### DIRECTIONS
Pictures aside, return every line below exactly as written.
SOURCE MATERIAL START
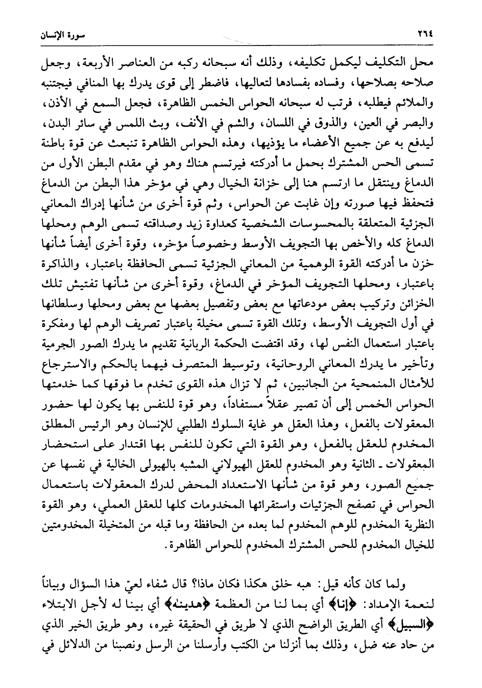 محل التكليف ليكمل تكليفه ، وذلك أنه سبحانه ركبه من العناصر الأربعة ، وجعل صلاحه بصلاحها ، وفساده بفسادها لتعاليها ، فاضطر إلى قوى يدرك بها المنافي فيجتنبه والملائم فيطلبه ، فرتب له سبحانه الحواس الخمس الظاهرة ، فجعل السمع في الأذن ، والبصر في العين ، والذوق في اللسان ، والشم في الأنف ، وبث اللمس في سائر البدن ، ليدفع به عم جميع الأعضاء ما يؤذيها ، وهذه الحواس الظاهر تنبعث عن قوة باطنة تمسى الحس المشترك بحمل ما أدركته فيرتسم هناك وهو في مقدم البطن الأول من الدماغ وينتقل ما ارتسم هنا إلى خزانة الخيال وهي في مؤخر هذا البطن منالدماغ فتحفظ فيها صورته وإن غابت عن الحواس ، وثم قوة أخرى من شأنها إدراك المعاني الجزئية المتعلقة بالمحسوسات الشخصية كعداوة زيد وصداقته تسمى الوهم ومحلها الدماغ كله والأخص بها التجويف الاوسط وخصوصاً مؤخره ، وقوة أخرى أيضاً شأنها خزن ما أدركته القوة الوهمية من المعاني الجزئية تسمى الحافظة باعتبار ، والذاكرة باعتبار ، ومحلها التجويف المؤخر في الدماغ ، وقوة أخرى من شأنها تفتيش تلك الخزائين وتركيب بعض مودعاتها مع بعض وتفصيل بعضها مع بعض ومحلها وسلطانها في أول التجويف الأوسط ، وتلك القوة تسمى مخيلة باعتبار تصريف الوهم لها ومفكرة باعتبار استعمال النفس لها ، وقد اقتضت الحكمة الربانية تقديم ما يدرك الصور الجرمية وتأخير ما يدرك المعاني الروحانية ، وتوسيط المتصرف فيهما بالحكم والاسترجاع للأمثال المنمحية من الجانبين ، ثم لا تزال هذه القوى تخدم ما فوقها كما خدمتها الحواس الخمس إلى أن تصير عقلاً مستفاداً ، وهو قوة للنفس بها يكون لها حضور المعقولات بالفعل ، وهذا العقل هو غاية السلوك الطلبي للإنسان وهو الرئيس المطلق المخدوم للعقل بالفعل ، وهو القوة التي تكون للنفس بها اقتدار على استحضار المعقولات - الثانية وهو المخدوم للعقل الهيولاني المشبه بالهيولى الخالية في نفسها عن جميع الصورة ، وهو قة من شأنها الاستعداد المحض لدرك المعقولات باستعمال الحواس في تصفيح الجزئيات واستقرائها المخدومات كلها للعقل العملي ، وهو القوة النظرية المخدوم للهم والمخدوم لما بعده من الحافظة وما قبله من المتخيلة المخدومتين للخيال المخدوم للحس المشترك المخدوم للحواس الظاهرة .
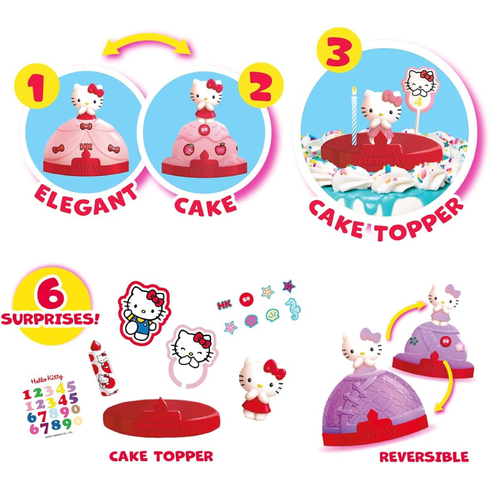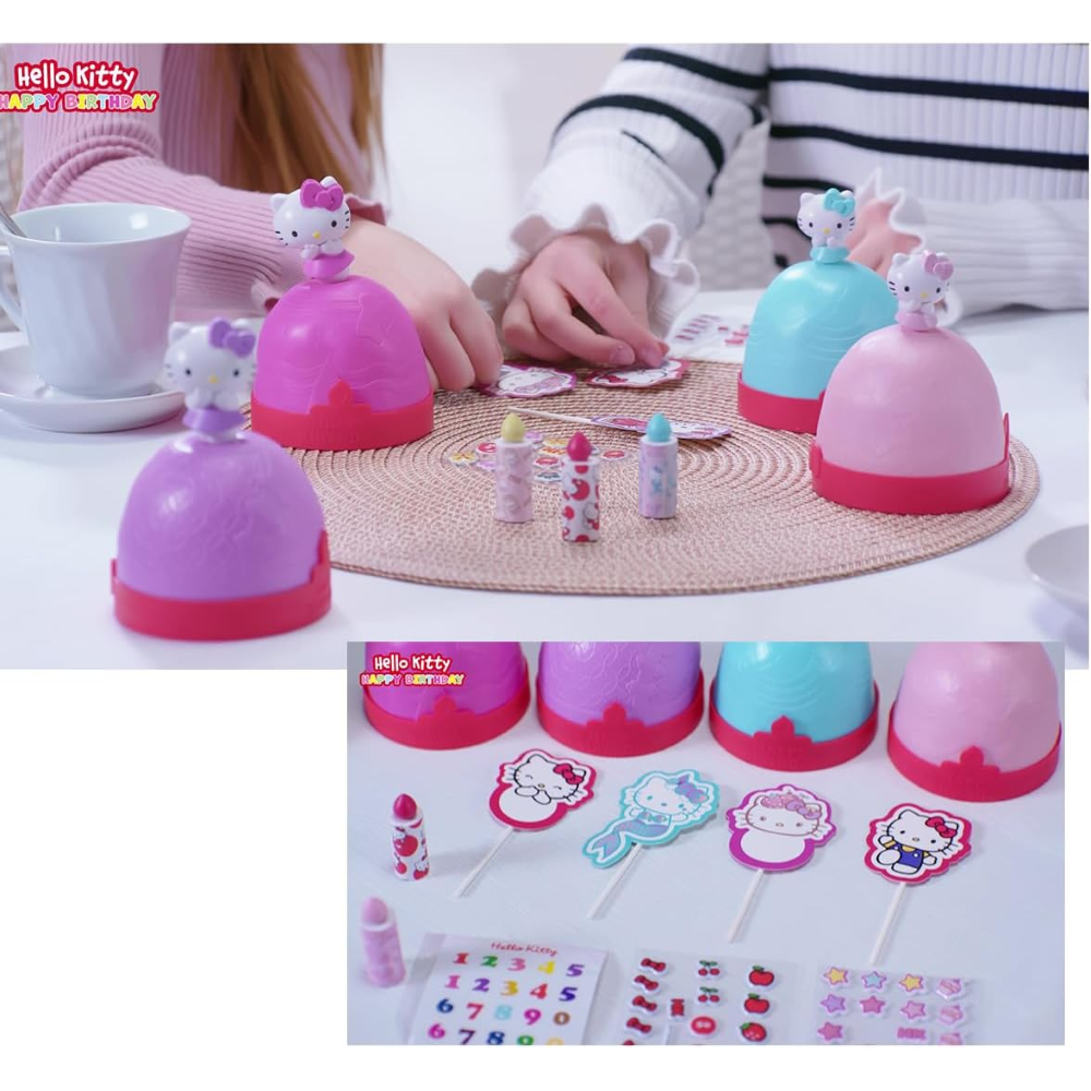 ACCESSORI PER UN COMPLEANNO UNICO - Ogni confezione include diversi accessori che arricchiscono il gioco e la decorazione. Scopri gli adesivi morbidi e colorati che permettono di personalizzare Hello Kitty e renderla ancora più speciale per la festa
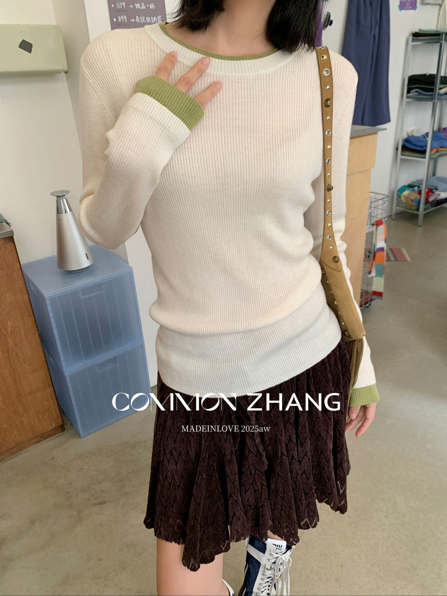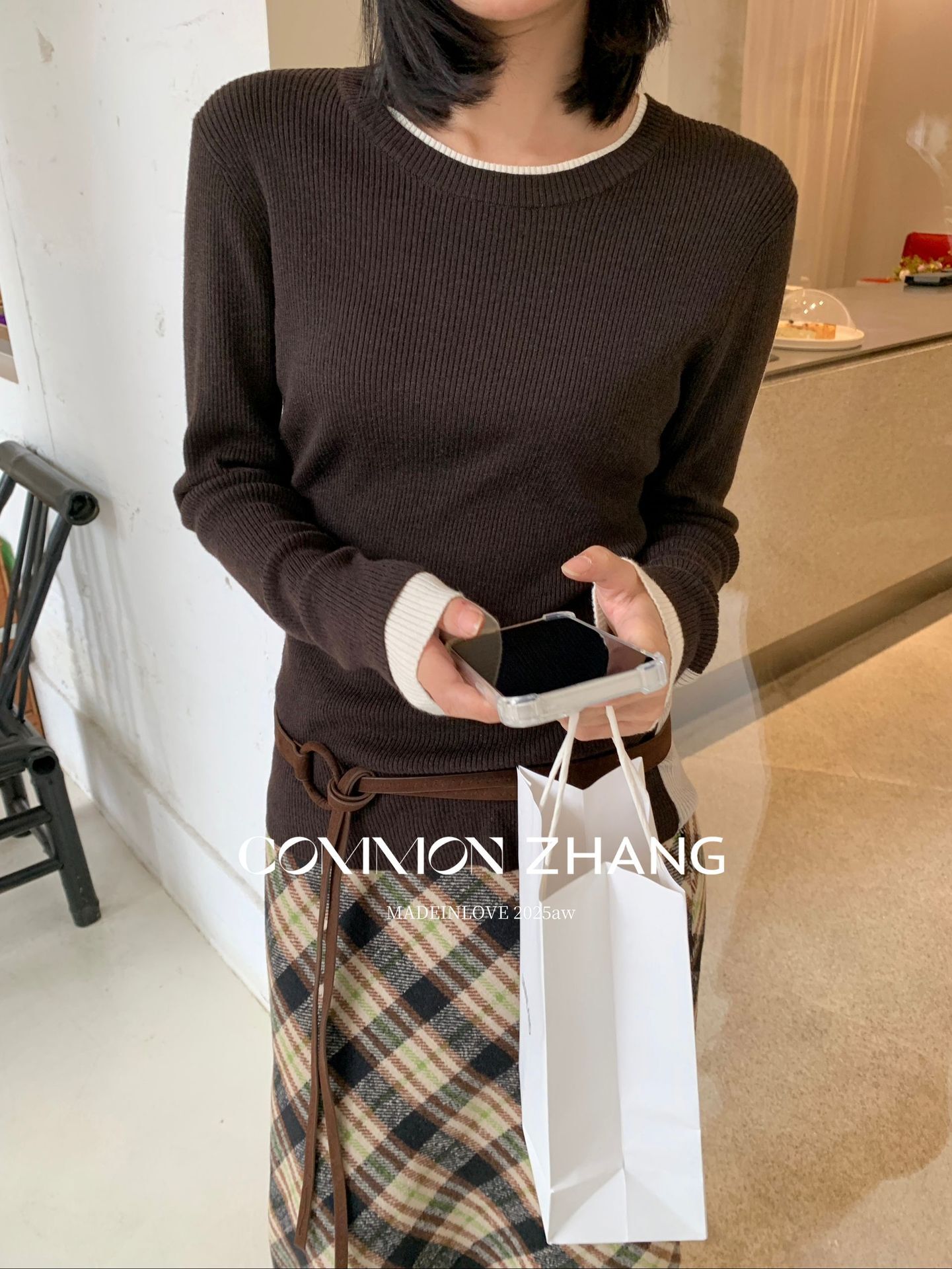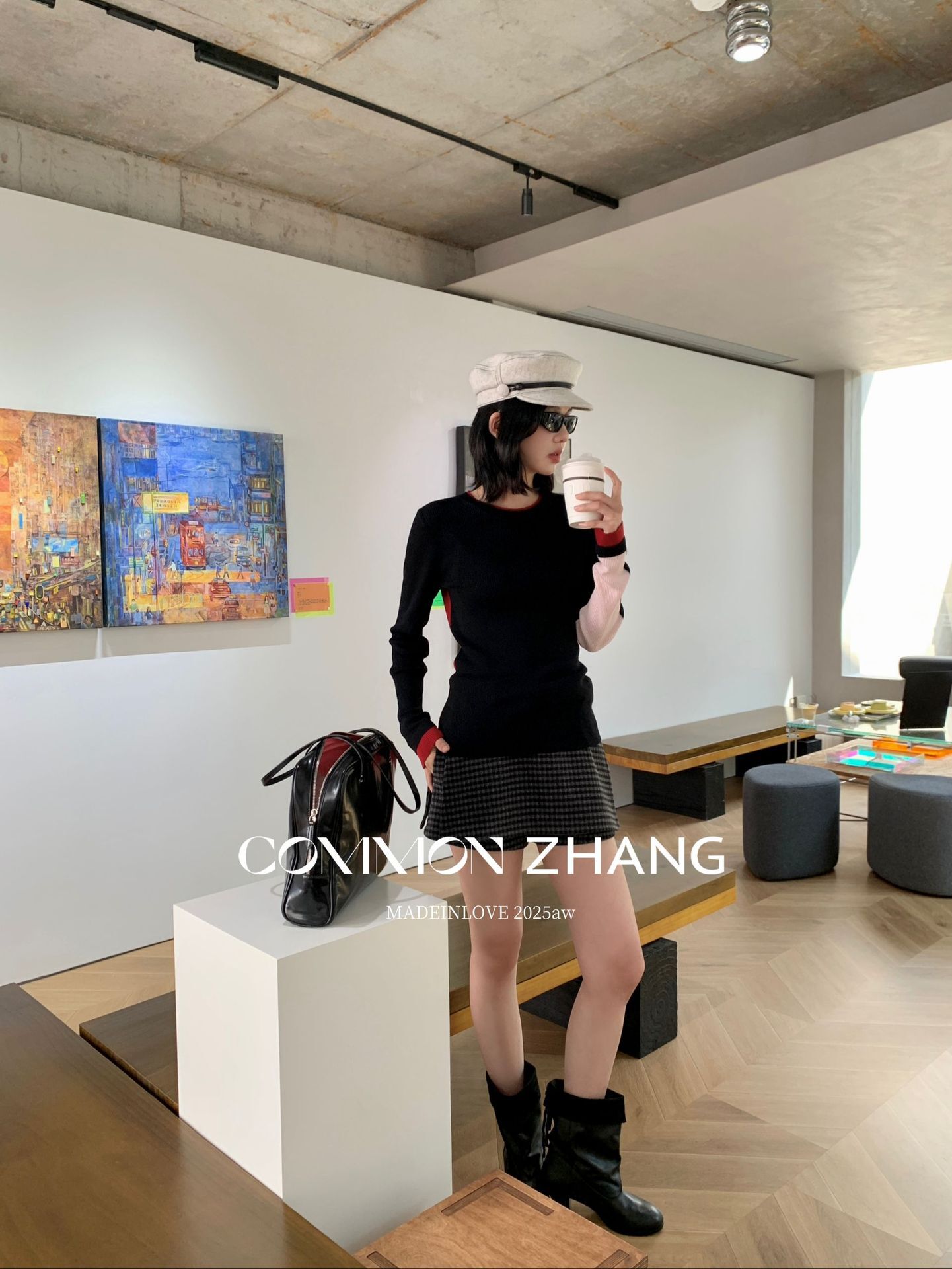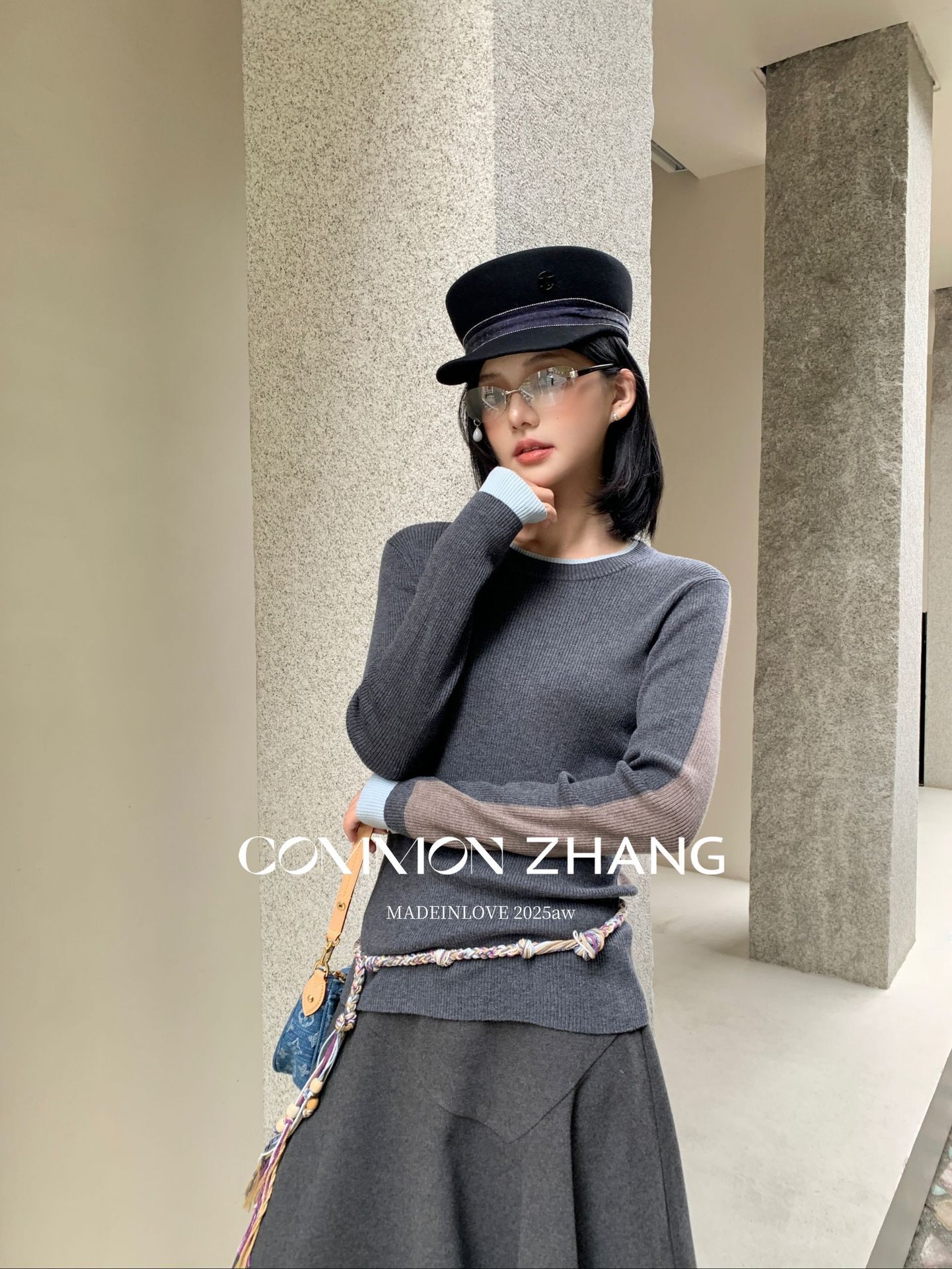 *o-ha-you*【FCZCB405043】秋冬設計感撞色拼接羊毛針織衫女修身打底衫毛衣-6色
SOURCE MATERIAL END
### ANSWER TO THIS EXERCISE
 محل التكليف ليكمل تكليفه ، وذلك أنه سبحانه ركبه من العناصر الأربعة ، وجعل صلاحه بصلاحها ، وفساده بفسادها لتعاليها ، فاضطر إلى قوى يدرك بها المنافي فيجتنبه والملائم فيطلبه ، فرتب له سبحانه الحواس الخمس الظاهرة ، فجعل السمع في الأذن ، والبصر في العين ، والذوق في اللسان ، والشم في الأنف ، وبث اللمس في سائر البدن ، ليدفع به عم جميع الأعضاء ما يؤذيها ، وهذه الحواس الظاهر تنبعث عن قوة باطنة تمسى الحس المشترك بحمل ما أدركته فيرتسم هناك وهو في مقدم البطن الأول من الدماغ وينتقل ما ارتسم هنا إلى خزانة الخيال وهي في مؤخر هذا البطن منالدماغ فتحفظ فيها صورته وإن غابت عن الحواس ، وثم قوة أخرى من شأنها إدراك المعاني الجزئية المتعلقة بالمحسوسات الشخصية كعداوة زيد وصداقته تسمى الوهم ومحلها الدماغ كله والأخص بها التجويف الاوسط وخصوصاً مؤخره ، وقوة أخرى أيضاً شأنها خزن ما أدركته القوة الوهمية من المعاني الجزئية تسمى الحافظة باعتبار ، والذاكرة باعتبار ، ومحلها التجويف المؤخر في الدماغ ، وقوة أخرى من شأنها تفتيش تلك الخزائين وتركيب بعض مودعاتها مع بعض وتفصيل بعضها مع بعض ومحلها وسلطانها في أول التجويف الأوسط ، وتلك القوة تسمى مخيلة باعتبار تصريف الوهم لها ومفكرة باعتبار استعمال النفس لها ، وقد اقتضت الحكمة الربانية تقديم ما يدرك الصور الجرمية وتأخير ما يدرك المعاني الروحانية ، وتوسيط المتصرف فيهما بالحكم والاسترجاع للأمثال المنمحية من الجانبين ، ثم لا تزال هذه القوى تخدم ما فوقها كما خدمتها الحواس الخمس إلى أن تصير عقلاً مستفاداً ، وهو قوة للنفس بها يكون لها حضور المعقولات بالفعل ، وهذا العقل هو غاية السلوك الطلبي للإنسان وهو الرئيس المطلق المخدوم للعقل بالفعل ، وهو القوة التي تكون للنفس بها اقتدار على استحضار المعقولات - الثانية وهو المخدوم للعقل الهيولاني المشبه بالهيولى الخالية في نفسها عن جميع الصورة ، وهو قة من شأنها الاستعداد المحض لدرك المعقولات باستعمال الحواس في تصفيح الجزئيات واستقرائها المخدومات كلها للعقل العملي ، وهو القوة النظرية المخدوم للهم والمخدوم لما بعده من الحافظة وما قبله من المتخيلة المخدومتين للخيال المخدوم للحس المشترك المخدوم للحواس الظاهرة .
 ACCESSORI PER UN COMPLEANNO UNICO - Ogni confezione include diversi accessori che arricchiscono il gioco e la decorazione. Scopri gli adesivi morbidi e colorati che permettono di personalizzare Hello Kitty e renderla ancora più speciale per la festa
 *o-ha-you*【FCZCB405043】秋冬設計感撞色拼接羊毛針織衫女修身打底衫毛衣-6色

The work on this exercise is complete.